Exercise details -> Every record below should be transcribed exactly. Omit the images.

Available data ->
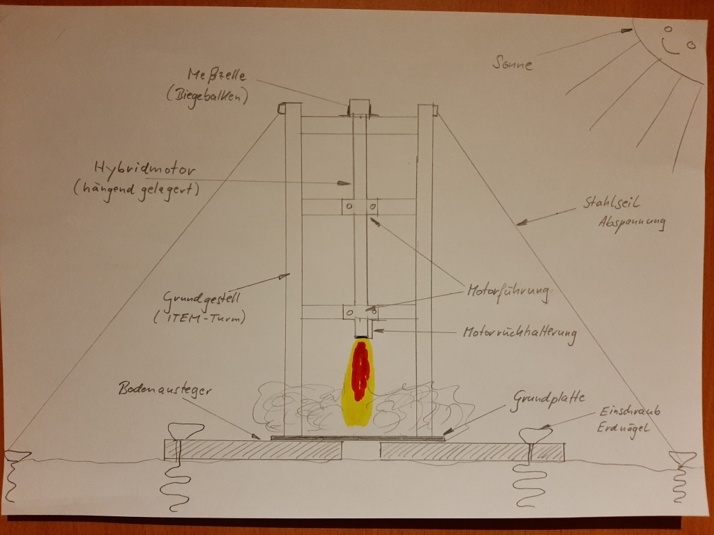 Da ich leider kein geeignetes Zeichenprogramm besitze, habe ich mal schnell etwas mit dem Bleistift skizziert. Ich hoffe ihr seht mir die Einfachheit nach und es ist verständlich Eine Idee wäre ja noch den Abgas/Schubstrahl genau senkrecht auf die Grundplatte treffen zu lassen, das erzeugt dann ja einen maximalen Bodenanpressdruck und verhindert einen Kippmoment wie bei einem schrägen Strahlabweiser. Natürlich müsste dann eine "Opferplatte" oder ein Schamottestein direkt unter den Motor, denn das hält die Grundplatte sonst nicht sehr lange aus... Die einschraubbaren Erdanker, welche Oliver bereits erwähnte, haben echt einen sehr guten Bodenhalt und sind sehr zu empfehlen. Ich habe an meinem Prüfstand auch noch 6mm Stahlseile mit Einschraubbodenankern vorgesehen, die halten schon ne ganze Menge Schub am Boden  ! Andreas
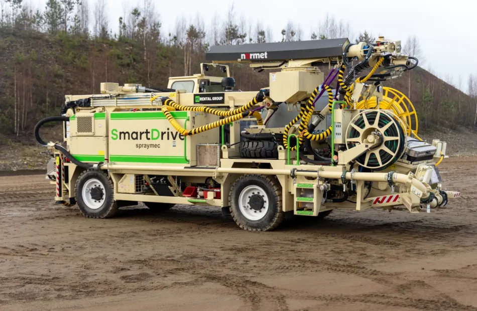 Normet Spraymec 8100 VC SD er en batterielektrisk betongsprøyterobot utviklet for store tunnelprofiler. Maskinen er laget for presis sprøyting i tunnel og inngår naturlig i prosjekter med strenge krav til luftkvalitet og utslipp.
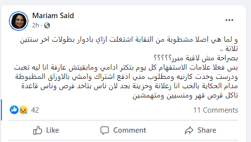 وكتبت مريم على حسابها الشخصي بـ "فيس بوك": “و لما هي أصلا مشطوبة من النقابة اشتغلت إزاي بأدوار بطولات آخر سنتين تلاتة بصراحة مش لاقية مبرر.. بس فعلا علامات الاستفهام كل يوم بتكتر قدامي ومبقتش عارفة أنا ليه تعبت ودرست وخدت كارنيه ومطلوب مني أدفع إشتراك وأمشي بالأوراق المظبوطة مدام الحكاية بالحب أنا زعلانة وحزينة بجد لأن ناس بتاخد فرص وناس قاعدة تاكل قرص قهر ومنسيين ومتهمشين”.
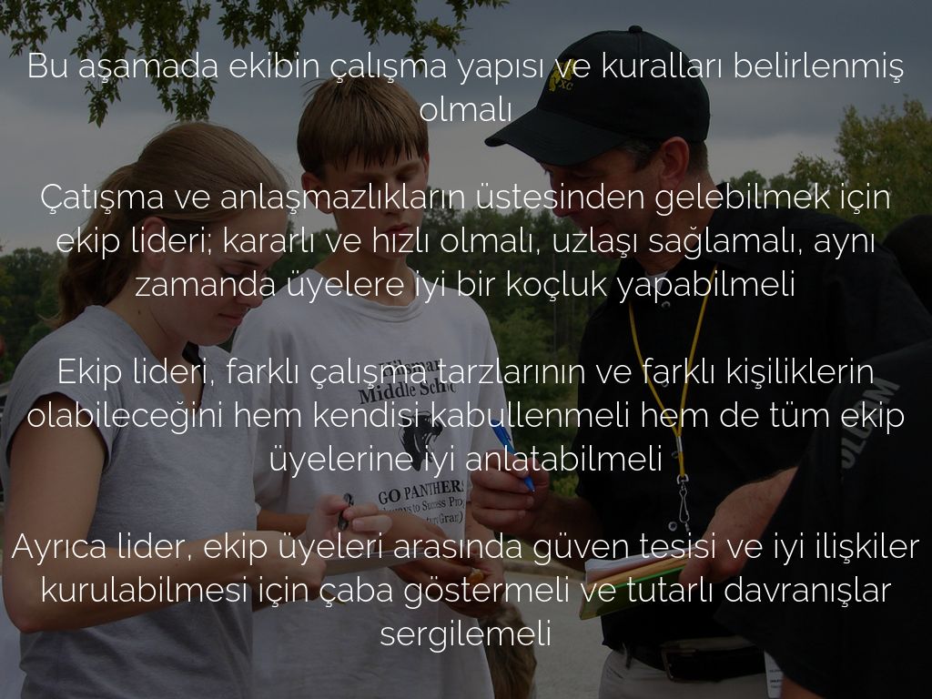 - Ekip daha uyumlu, üyelerin moralleri yüksek, birbirine güven oluşmaya başlamış
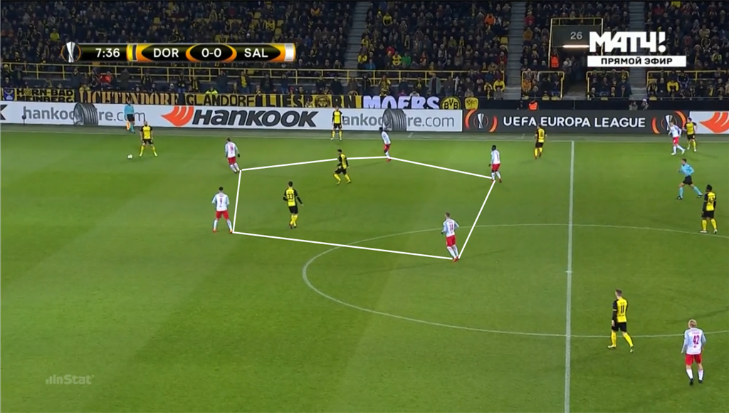 Проблема решалась благодаря смещению одного из фланговых полузащитников быков в центр. Это позволяло Зальцбургу активно прессинговать, не жертвуя при этом структурой обороны.

Answer area ->
 Da ich leider kein geeignetes Zeichenprogramm besitze, habe ich mal schnell etwas mit dem Bleistift skizziert. Ich hoffe ihr seht mir die Einfachheit nach und es ist verständlich Eine Idee wäre ja noch den Abgas/Schubstrahl genau senkrecht auf die Grundplatte treffen zu lassen, das erzeugt dann ja einen maximalen Bodenanpressdruck und verhindert einen Kippmoment wie bei einem schrägen Strahlabweiser. Natürlich müsste dann eine "Opferplatte" oder ein Schamottestein direkt unter den Motor, denn das hält die Grundplatte sonst nicht sehr lange aus... Die einschraubbaren Erdanker, welche Oliver bereits erwähnte, haben echt einen sehr guten Bodenhalt und sind sehr zu empfehlen. Ich habe an meinem Prüfstand auch noch 6mm Stahlseile mit Einschraubbodenankern vorgesehen, die halten schon ne ganze Menge Schub am Boden  ! Andreas
 Normet Spraymec 8100 VC SD er en batterielektrisk betongsprøyterobot utviklet for store tunnelprofiler. Maskinen er laget for presis sprøyting i tunnel og inngår naturlig i prosjekter med strenge krav til luftkvalitet og utslipp.
 وكتبت مريم على حسابها الشخصي بـ "فيس بوك": “و لما هي أصلا مشطوبة من النقابة اشتغلت إزاي بأدوار بطولات آخر سنتين تلاتة بصراحة مش لاقية مبرر.. بس فعلا علامات الاستفهام كل يوم بتكتر قدامي ومبقتش عارفة أنا ليه تعبت ودرست وخدت كارنيه ومطلوب مني أدفع إشتراك وأمشي بالأوراق المظبوطة مدام الحكاية بالحب أنا زعلانة وحزينة بجد لأن ناس بتاخد فرص وناس قاعدة تاكل قرص قهر ومنسيين ومتهمشين”.
 - Ekip daha uyumlu, üyelerin moralleri yüksek, birbirine güven oluşmaya başlamış
 Проблема решалась благодаря смещению одного из фланговых полузащитников быков в центр. Это позволяло Зальцбургу активно прессинговать, не жертвуя при этом структурой обороны.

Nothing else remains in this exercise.